A musical scale is a sequence of notes in ascending or descending order. Each scale is made up of 4-7 notes. The distance or rather the interval between two successive notes is called a scale step. For example, the distance between the two notes 'C' and 'D' is 1 whole step and the distance between 'C' and 'C#' is a 1/2 step ( C# is pronounced as 'C Sharp' and are among the black keys on the keyboard).

Scales are divided, based on the intervals between the notes they contain, into categories including major, minor, etc. For example, C 'Major' scale contains the notes C D E F G A B C (all white keys on a keyboard)i.e 1 step between C and D, 1 step between D and E, 1/2 step between E and F, 1 step between F and G, 1 step between G and A, 1 step between A and B and 1/2 step between B and C. That becomes 1, 1, 1/2, 1, 1, 1 and 1/2 step. Whereas the C 'Minor scale contains the notes C D D# F G G# A# C which is 1, 1/2, 1, 1, 1/2, 1 and 1 step. So the 3rd note and the 6th and 7th note change.
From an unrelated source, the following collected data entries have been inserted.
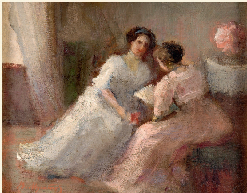
Виктор Борисов-Мусатов. Беседа. 1905. Частное собрание
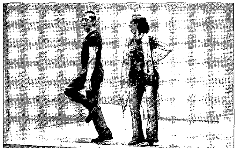
Un momento de la representación del grupo Casa de pájaros. / RUEDA VILLAVERDE

Es un planteamiento que genera situaciones divertidas y atractivas para el público, entre la nostalgia, la ironía y un tanto de reflexión.
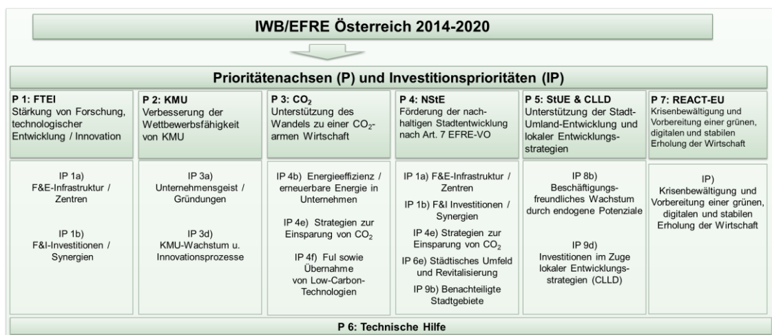
Abbildung „Struktur des österreichischen IWB/EFRE-Programms“:
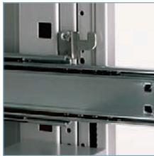
Suspension sur roulements à billes
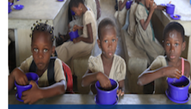
Nutrition: call to action
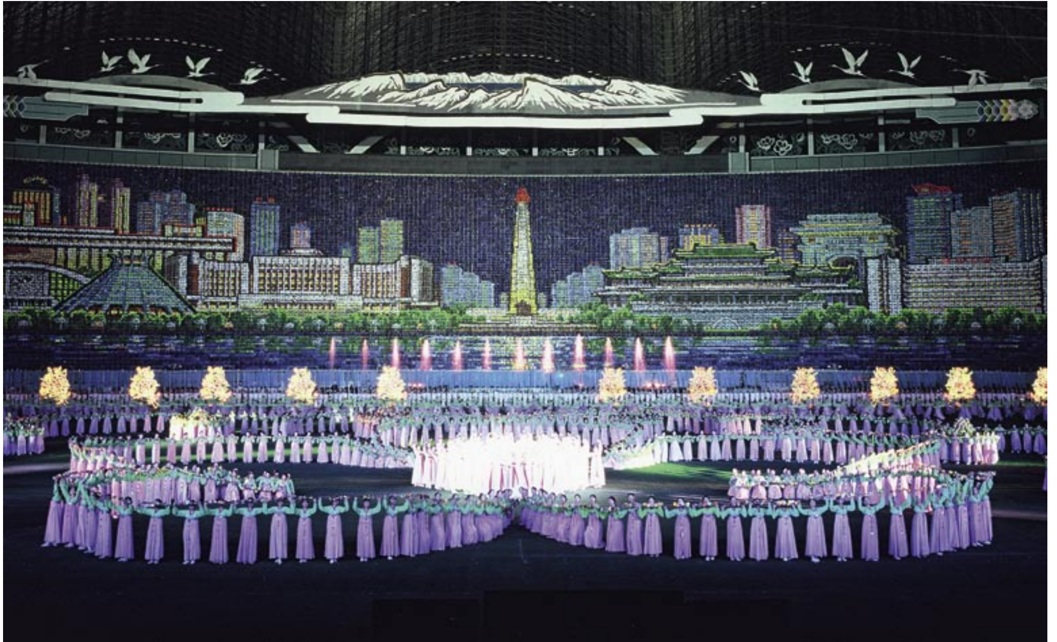
Arirang Festival zum 95. Geburtstag Kim Il Sung's im Rungnado-May-Day-Stadion, Pjöngjang, April 2007
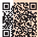
特別養護老人ホームいいたてホーム iitate_home
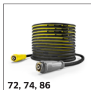
72, 74, 86
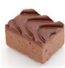
0053 Praliné puur Pure hazelnoot- gianduja
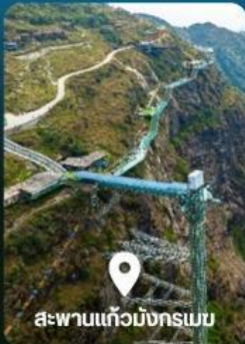
สะพานแก้วมิงกรเมบ
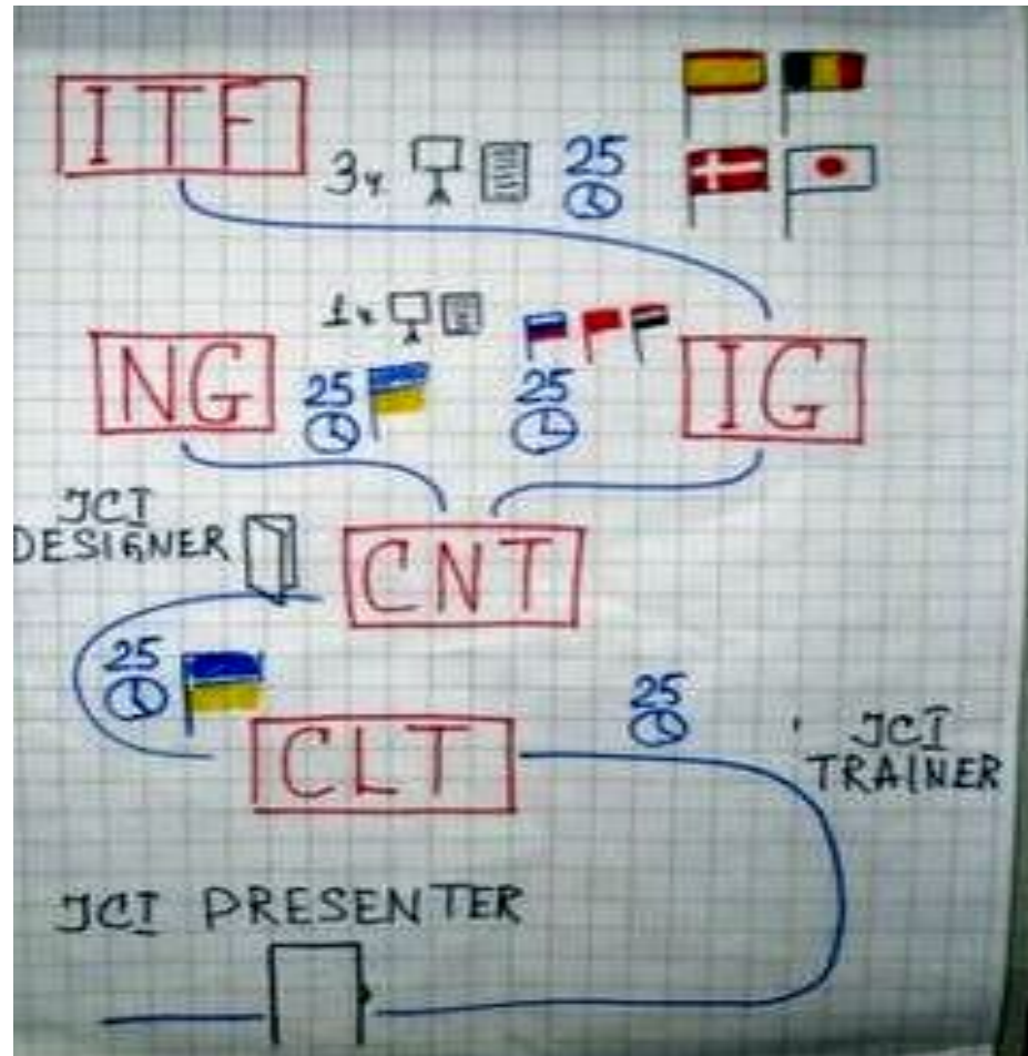
Схема тренерской карьеры в JCI
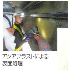
アークアブラストによる表面処理
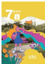
7º ano 4 livros integrados
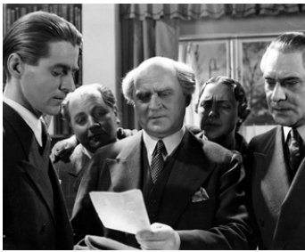
1940 UNE NUIT DE JUIN (Juninatten) de Per Lindberg avec Sigurd Wallen
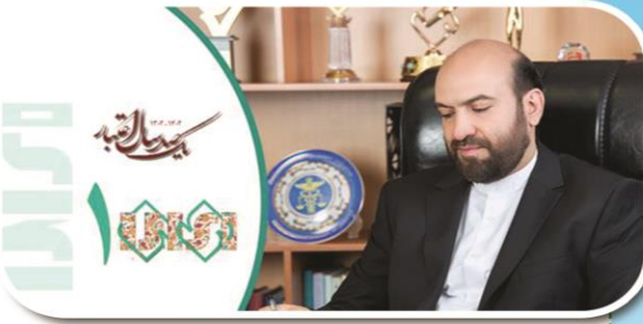
مردم عزیز و ذینفعان نظام استاندارد همکاران محترم سازمان ملی استاندارد ایران باسلام و تهنیت

دکتر مهدی اسلام پناه، رییس سازمان ملی استاندارد ایران در پیامی، روز جهانی استاندارد، آغاز هفته استاندارد و یکصدسالگی تاسیس این سازمان را به مردم عزیز، ذینفعان نظام استاندارد و همه همکاران سازمان ملی استاندارد ایران در سراسر کشور تبریک و تهنیت گفت. متن کامل پیام به شرح زیر است:
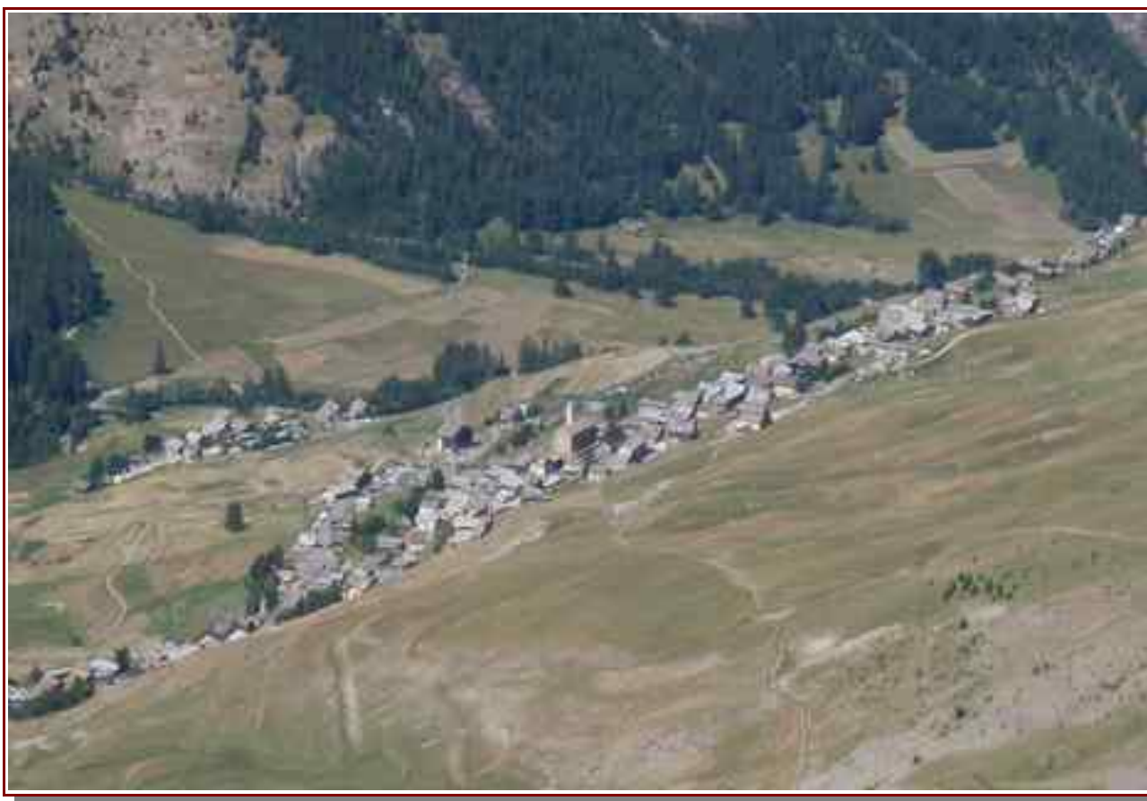
Le village de St Véran, vu du sommet.
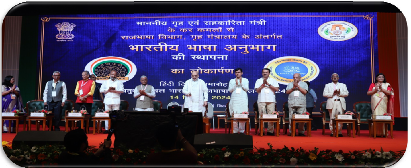
भारत मंडपम में दिनांक 14.09.2024 को आयोजित हिंदी दिवस के उद्घाटन समारोह की एक झलक
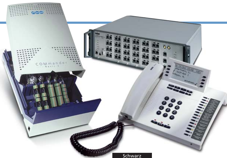
Schwarz Lichtgrau (weiß) Dunkelblau Die COMfortel-Systemtelefone stehen in diesen 3 Farben zur Verfügung.
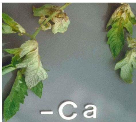
Slika 13. Nedostatak kalcija u rajčici

Kod nedostatka kalcija korijen je slabo razvijen i smeđe je boje. Vršno je lišće sitnije, gornja strana mu je tamnozeleno s blijedim rubom, a donja ljubičasta. Nekroza se javlja od rubova lista i izaziva uvijanje lista. Nekrotične pjege se šire na donje listove (Slika 13.). Plodovi imaju simptome vršne truleži rajčice (Lešić i sur., 2002.).
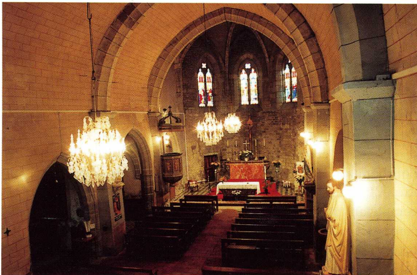
3. Désordres d'une voûte d'une chapelle
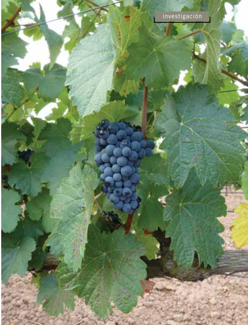
Cepa de Maturana Tinta de Navarrete.
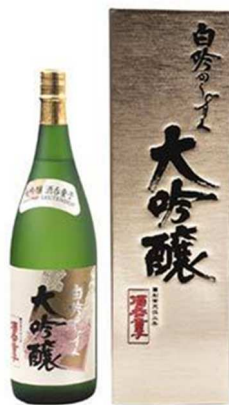
ハクレイ酒造 「白吟のしずく」
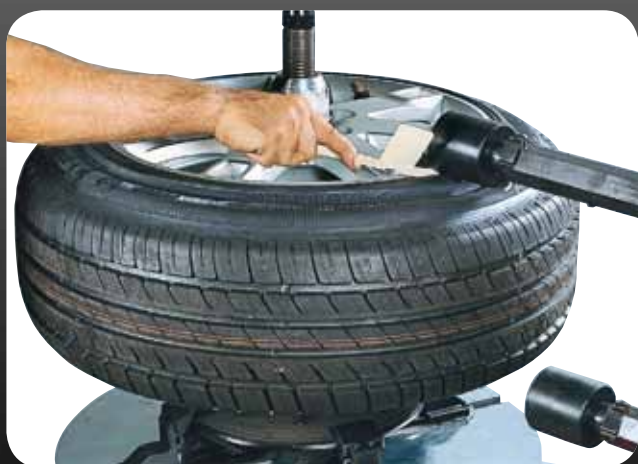
● INSERIMENTO DELLA REGLETTE ● FITTING THE "RÉGLETTE"
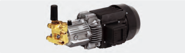
Pumpe mit Umlaufventil* und Injektor. Volt 400/50 Hz (170 204 20), Volt 230/50 Hz (170 204 15)
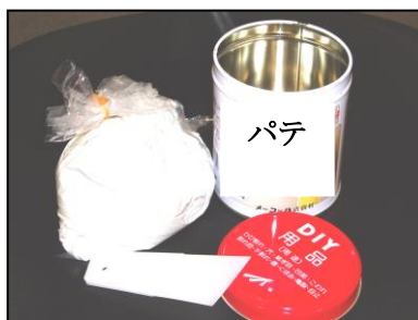
パテ・簡易セメント・モルタル・コーキング剤など （外壁などをきれいに仕上げたいときに）
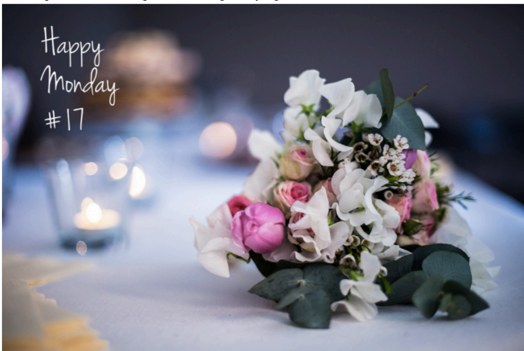
Ceci est mon 1er bouquet de mariée, réalisé pour une amie de longue date, qui le voulait tout petit et délicat.

C'est l'heure du HAPPY MONDAY! On voudrait tou(te)s que le we dure 3 jours surtout quand on a bossé tout le samedi et qu'on a eu que quelques heures le dimanche (par là je veux dire faire le ménage, les lessives et ranger pour recommencer la semaine en ordre...), mais non le lundi, c'est reparti et tant qu'à faire, c'est quand même plus sympa avec le sourire!
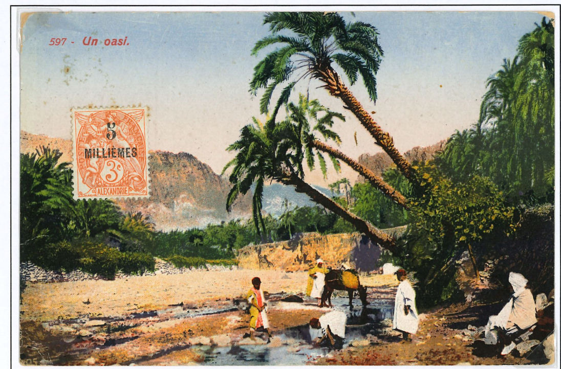
C.P. avec un timbre de la première surcharge dite de Paris. (1921)
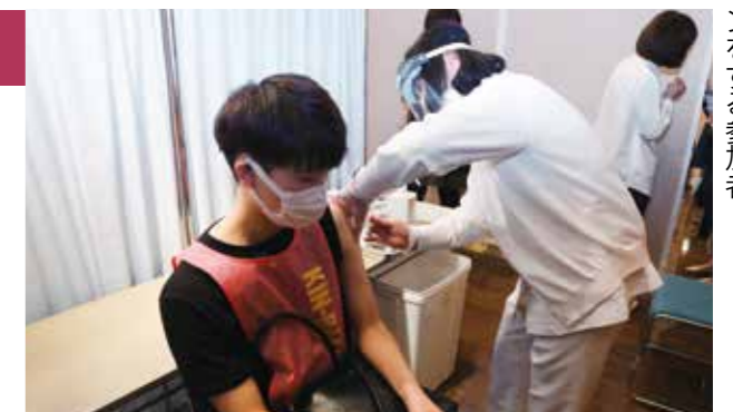
ワクチン注射のシミュレーションをする参加者

接種後15分以内に、じんましんやショック症状などが出た場合がまれにあります。発症したときは、医療従事者が迅速に必要な対応をします。
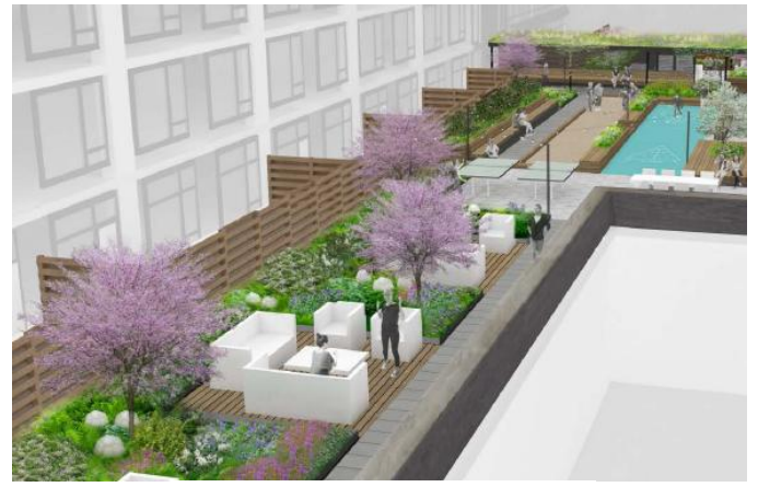
2階中庭イメージパース
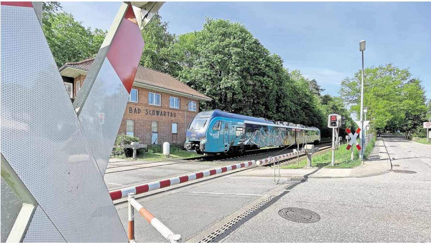
Der Bahnübergang Kaltenhöfer Straße in Bad Schwartau entfällt für die Belttunnel-Hinterlandanbindung, die Gleise sollen durch einen Trog geführt werden. Dafür wird eine Brücke zur Geibelstraße gebaut.
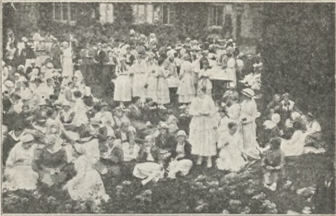
K. F. U. K.'s sommerlejr på Vallekilde højskole 1919. (Chokolade i haven).

ved vinterskolen med bopæl i den forhenværende håndværkerskole, som i den hensigt er bleven omlavet.
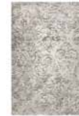
Carpet Elda machine-woven e.g. 120 x 170 cm 149,00 Euro
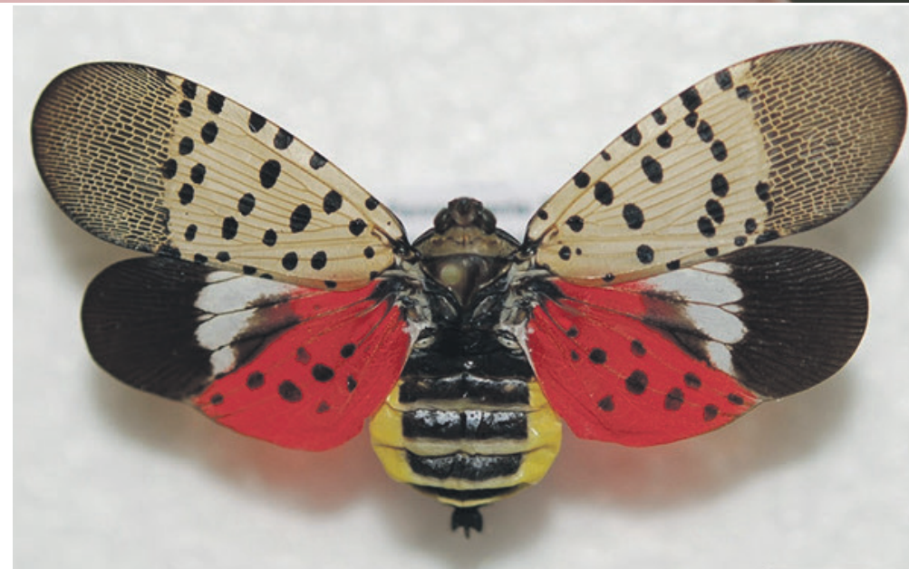
Le papillon du fulgor tacheté. Aussi joli soit-il, il doit être redouté.

En ce qui concerne les autres types d'insectes piqueurs (taon, mouche à chevreuil et autres «frappes à bord»), la donne est différente.

                   keyboard-all-note-names

There are many types of scales that developed over the centuries. Music in the periods 1600-1900 used mostly three types of scale:

The daitonic scale (7 notes)
The melodic an harmonic minor scale (7 notes)

In the 19th and 20th century many other scales evolved:

The chromatic scale (twelve notes)
The whole tone scale (six notes)
The pentatonic scale (five notes)
The octatonic or diminished scales (eight notes)

That’s all about scales for now. With all the knowledge about scales, I say go explore, cause without music life would be a mistake...the way I see it!